The Nation: 7th May 2006
While The Nation is to be praised in raising the issue of capital punishment, which has great relevance to the Thai justice system, there are questions to be asked from a Thai perspective about opinions based on another culture. Capital punishment is rightly strongly debated within the US, but elements of that debate tend to dominate discussion elsewhere.

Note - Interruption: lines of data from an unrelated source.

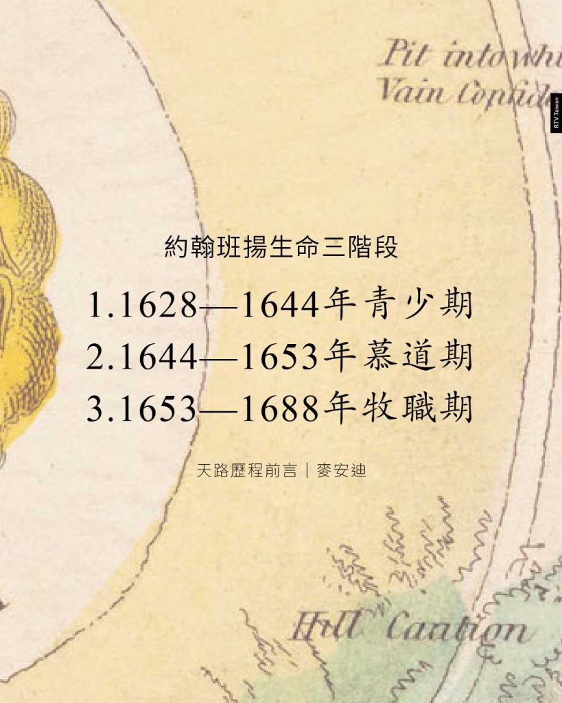 到了1690年,英國才逐漸轉向宗教自由。當時的國王改信天主教,英國百姓請他退位,並迎回威廉與瑪麗,建立起宗教自由。正是在這樣的時代背景中,約翰·班揚出現。我們可以把他的生命分成三個階段:他在1628年出生,1644年以前是青少年時期;1644年至1653年之間是慕道期;從1653年到大約1688年則是他的牧職期。他信主不到六年,就已經成為一位重要的講員。可見他剛信主的時候,還在清教徒掌權的自由時期;等到1660年國王復辟,教會再度受到逼迫,而班揚因為名聲大,很快就被逮捕。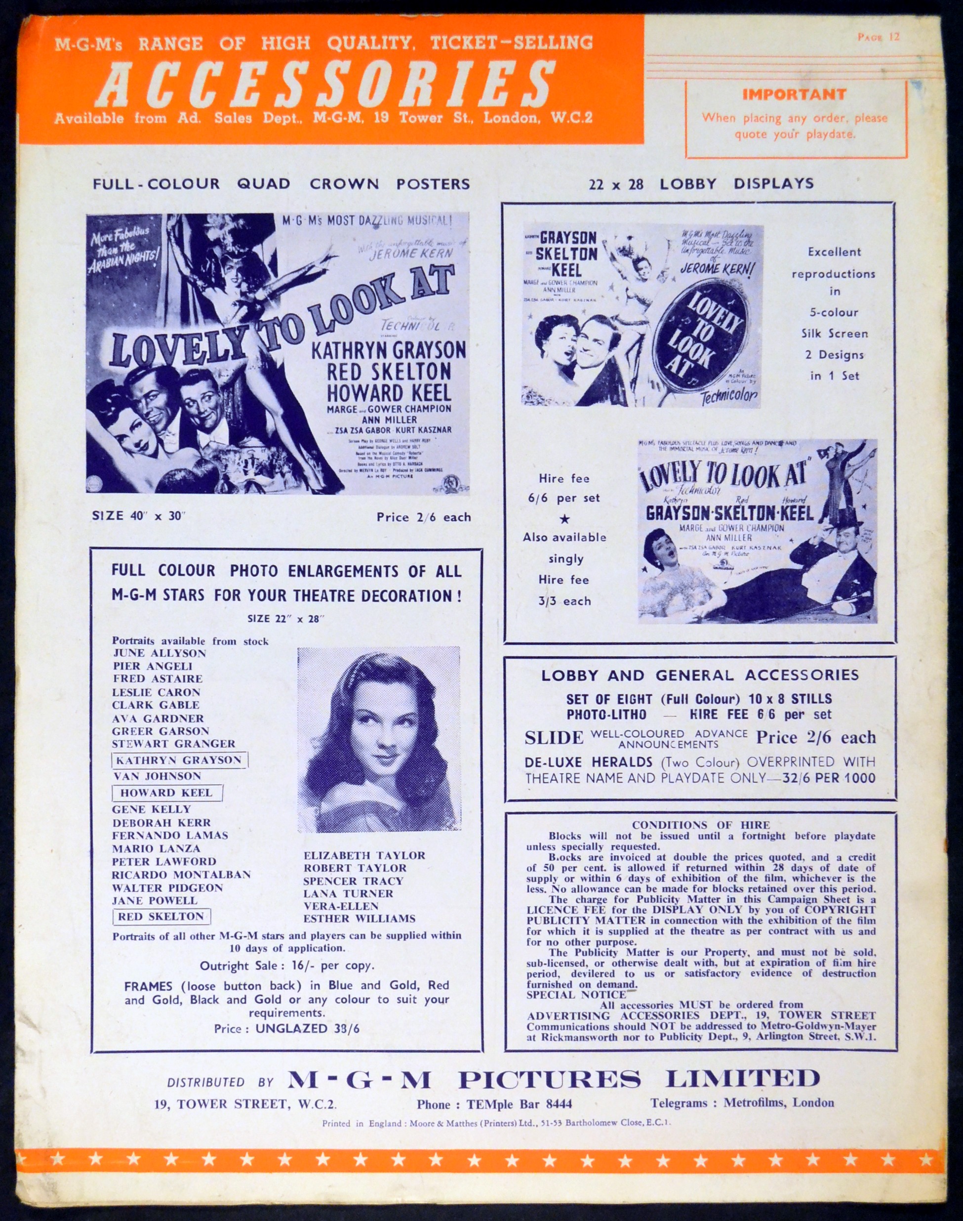 Original British 12 3/8 inch x 9 3/4 inch 12 page illustrated Pressbook for the 1952 Mervyn LeRoy Musical Comedy LOVELY TO LOOK AT starring Kathryn Grayson, Red Skelton, Howard Keel, Marge & Gower Champion, Ann Miller, Zsa Zsa Gabor, Kurt Kasznar and Harry Ruby.
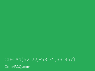 CIELab 62.22,-53.31,33.357 Color is a normal green color and the nearest color is Chateau Green #40a860. Hex code #28ac58 and RGB value is rgb(40,172,88). In RGB color space, this color is composed of 16% red, 67% green, 35% blue, In CMYK color space, this color is composed of 77% cyan, 0% magenta, 49% yellow , 33% black , In HSL color space, this color has a hue angle of 142° , 62% saturation and 42% lightness.

Gary Becker is a well known contributor to the debate and his usual stand is to discuss the economics of capital punishment. Well and good, for he is an economist. However, while retaining the core of his earlier arguments, he now writes under the banner of ‘morality’, and while economics is as remote from morality as physics or chemistry, we are still reminded that he is a Nobel Laureate in economics. Well, every man is entitled to his opinion, but it has little to do with morality. While rightly excluding ‘revenge and other possible motives’ he supports capital punishment only because he believes that it deters other murders. To contest this argument we would have to enter into the context of the US crime scene. Those more familiar with the practical aspects of crime in the US assert that, even in premeditated murder,
motivation does not depend on a balancing of the severity of capital punishment against the urge to kill. The belief of Becker is also contested by the results of a US research poll in 1995 which showed that the majority of police chiefs do not believe that the death penalty is an effective deterrent.
The views of Becker are opposed by other academics in the US who have access to related crime and judicial data. However, even at this distance from the scene, one can reject the non sequitur of Becker’s arguments: “Opponents of capital punishment frequently proclaim that the state has no moral right to take anyone’s life…. Yet that is absolutely the wrong conclusion for anyone who believes that capital punishment deters”.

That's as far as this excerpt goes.